The strong CP problem—an apparent absence of CP violation in Quantum chromodynamics measured by limits on the neutron electric dipole moment—motivated the Peccei–Quinn mechanism and the consequent pseudo-Nambu–Goldstone boson. Models such as Kim–Shifman–Vainshtein–Zakharov (KSVZ) and Dine–Fischler–Srednicki–Zhitnitsky (DFSZ) specify couplings to photons via the anomaly and to quarks and leptons via model-dependent portals. The axion mass is generated by nonperturbative instanton effects connected to t'Hooft operators and scales inversely with f_a, linking ideas from Grand Unified Theory-scale physics, supersymmetry, and string-theoretic constructions studied by groups at Princeton University, MIT, and Harvard University.
Laboratory and astrophysical searches exploit axion–photon conversions in magnetic fields (the Primakoff effect) and resonant techniques. Haloscope experiments like ADMX use microwave cavities in strong magnets from collaborations tied to U.S. Department of Energy laboratories such as Oak Ridge National Laboratory and Lawrence Berkeley National Laboratory. Helioscope searches exemplified by CAST at CERN and proposed projects at IHEP aim to convert solar axions to X-rays. Light-shining-through-walls (LSW) setups have been pursued at facilities including DESY, Fermilab, and university laboratories; microwave cavity upgrades and dielectric haloscopes involve teams from Institute for Advanced Study, Max Planck Institute for Physics, and University of Washington. Direct detection also includes nuclear magnetic resonance techniques from collaborations linked to Princeton Plasma Physics Laboratory and searches in low-background detectors used by Super-Kamiokande, XENONnT, and LUX-ZEPLIN.

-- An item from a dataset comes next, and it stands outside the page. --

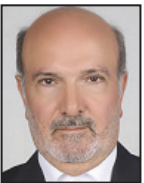
حمایت از واحدهای تولیدی به رفع بیکاری کمک خواهد کرد

امروز مبارزه با بیکاری هدف و اراده دولت است و من کاملاً این موضوع را لمس می‌کنم. طرح‌های خوبی در بودجه از سوی دولتمردان برای رفع بیکاری و ایجاد شغل مطرح شده که امیدوارم طرح‌ها به مرور در سال آتی عملیاتی شود و در تخصیص منابع مشکل خاصی پیش نیاید زیرا مهم‌تر از بودجه نوشتن، اجرای آن است و با تحرک و پویایی که در دولت است امیدواریم همان‌طور که آقای روحانی قول دادند در ایجاد منابع بودجه مشکلی پیش نیاید تا به برنامه‌های خود جامه عمل بپوشانند. نگرانی من به عنوان یکی از نمایندگان مردم، بیکاری جوانان و مخصوصاً تحصیلکرده‌ها است. اکثر جوانان ما از تحصیلات خوبی بهره‌مند هستند و دارای استعداد و توانایی‌های قابل ملاحظه‌ای می‌باشند و نباید برای گذران زندگی خود روزها و شب‌ها دغدغه شغل را داشته باشند. ما برای آبادانی کشور نیازمند به پتانسیل این قشر پرشور هستیم و ان‌شا... آقای رئیس‌جمهور طبق وعده خود در دوران تبلیغات انتخابات ریاست جمهوری که به جوانان قول بکارگیری در بخش‌های مختلف دولت را داده بودند عمل کنند تا هر سال شاهد رشد و بالندگی کشور به دست این آینده‌سازان باشیم.

Axions affect stellar evolution, supernova cooling, and cosmological structure formation; constraints arise from observations of SN 1987A, Globular cluster star counts, and white dwarf luminosity functions studied by groups at European Southern Observatory and Space Telescope Science Institute. In cosmology, axions produced via the misalignment mechanism contribute to cold dark matter measured against Planck (spacecraft) anisotropy data, and axion miniclusters and Bose–Einstein condensate phenomena have been modeled by researchers at Caltech, University of Chicago, and Kavli Institute for Particle Astrophysics and Cosmology. The particle can impact polarization of the cosmic microwave background studied by BICEP/Keck Array and lensing analyses from Hubble Space Telescope and Vera C. Rubin Observatory surveys.
Beyond the canonical QCD axion, axion-like particles (ALPs) arise in string compactifications and extra-dimensional constructions developed at institutions like IAS, CERN Theory groups, and Stanford University. ALPs can have a wider range of masses and couplings and are invoked in explanations of phenomena reported by Fermi Gamma-ray Space Telescope, H.E.S.S., and Chandra X-ray Observatory anomalies. Theoretical frameworks linking ALPs with hidden sector gauge groups, dark photon portals, and moduli stabilization have been explored by Edward Witten, Juan Maldacena, and collaborative teams in Europe and Asia.
Current laboratory bounds come from haloscopes, helioscopes, and LSW experiments, and astrophysical limits derive from SN 1987A, Globular cluster data, and X-ray observations from XMM-Newton. Future efforts include next-generation ADMX runs, proposed experiments like IAXO, dielectric haloscope programs such as MADMAX, and quantum-enhanced searches integrating superconducting qubits and SQUIDs developed at IBM Research and NIST. If detected, the axion would impact particle physics, astrophysics, and cosmology, prompting coordinated responses from agencies including DOE, NSF, ESA, and national laboratories worldwide.